Best Funny Quotes To Change Your Mood


If I won the award for laziness, I would send somebody to pick it up for me.

Me and my bed are perfect for each other, but my alarm clock keeps trying to break us up.

My bed is a magical place where I suddenly remember everything I forgot to do.

Seeing a spider in my room isn’t scary. It’s scary when it disappears.

If we shouldn’t eat at night, why is there a light in the fridge?

As your best friend I’ll always pick you up when you fall, after I finish laughing.

Some people are like clouds. When they go away, it’s a brighter day.

Sometimes I wish I was an octopus, so I could slap eight people at once.

Dear Santa, this year I’d like a fat bank account, and a thin body… please don’t confuse the two like you did last time.

If you’re hotter than me, then that means I’m cooler than you.

My wallet is like an onion, opening it makes me cry.

They say “don’t try this at home” so I’m coming over to your house to try it.

Don’t mess with me, I know Karate, Judo, Jujitsu, Kung Fu and 20 other dangerous words.

I would rather entertain and hope that the people learned something than educate people and hope they were entertaind.

Don’t know where your kids are in the house? Turn off the internet and they’ll show up quickly.

Common sense is like deodorant, those who need it the most never use it.

At night, I can’t fall asleep. In the morning, I can’t get up

Never trust someone who takes hours to text you back, but when you hang out with them they check their phone every minute.

When you wake up at 6 in the morning, you close your eyes for 5 minutes and it’s already 6:45. When you’re at work and it’s 2:30, you close your eyes for 5 minutes and it’s 2:31.

My goal this weekend is to move… just enough so people don’t think I’m dead.

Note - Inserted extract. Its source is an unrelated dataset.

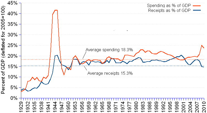 아래 그래프는 어디에서 긁어왔는지 정확히 기억나지 않는데, 연방정부의 수입과 지출이 전체 GDP에서 차지하는 비중을 보여준다. MAGA, Make American Great Again에서 얘기하는, 미국 사람이 노스탤지어를 가지는 Again이 대략 50-60년대인데, 이 때와 지금을 비교해서 연방정부가 차지하는 GDP 비중에 차이가 없다. 연방정부의 규모 축소로 갈려면 2차 대전 이전, 루즈벨트 대통령 이전으로 돌아가야 한다. 그러니까 1935년에 입법되고 그 이후 상당히 확장된, 사회보장법 이전으로 돌아가야 한다.

I love my six pack so much, I protect is with a layer of fat.

I made a huge to do list for today. I just can’t figure out who’s going to do it.

Friends buy you food. Best friends eat your food.

Sunglasses: allowing you to stare at people without getting caught. It’s like Facebook in real life.

A relationship without trust is like a cell phone with no service, all you can do is play games.

Be strong, I whispered to my WiFi signal.

My room is like the Bermuda triangle, stuff goes in and is never seen again.

Chocolate is great, it gives you energy which can be used to go buy more chocolate.

I hate mosquitoes. I mean, I know I am delicious, but I don’t give out free samples.

Dear automatic flushing toilet… I appreciate the enthusiasm, but I wasn’t done yet.

It may look like I’m doing nothing, but in my head I’m quite busy.

Of course I talk to myself… sometimes I need expert advice.

Yes of course I am athletic… I surf the Internet every day.

Got to work this morning and my boss told me ‘have a good day’, so I went home and had a great day!

When a door closes another door should open, but if it doesn’t then go in through the window.

I enjoy taking long romantic walks, to the fridge.

I don’t know how to act my age because I’ve never been this old before.

Dear Math, please grow up and solve your own problems, I’m tired of solving them for you. .

Everything is funny, as long as it’s happening to somebody else.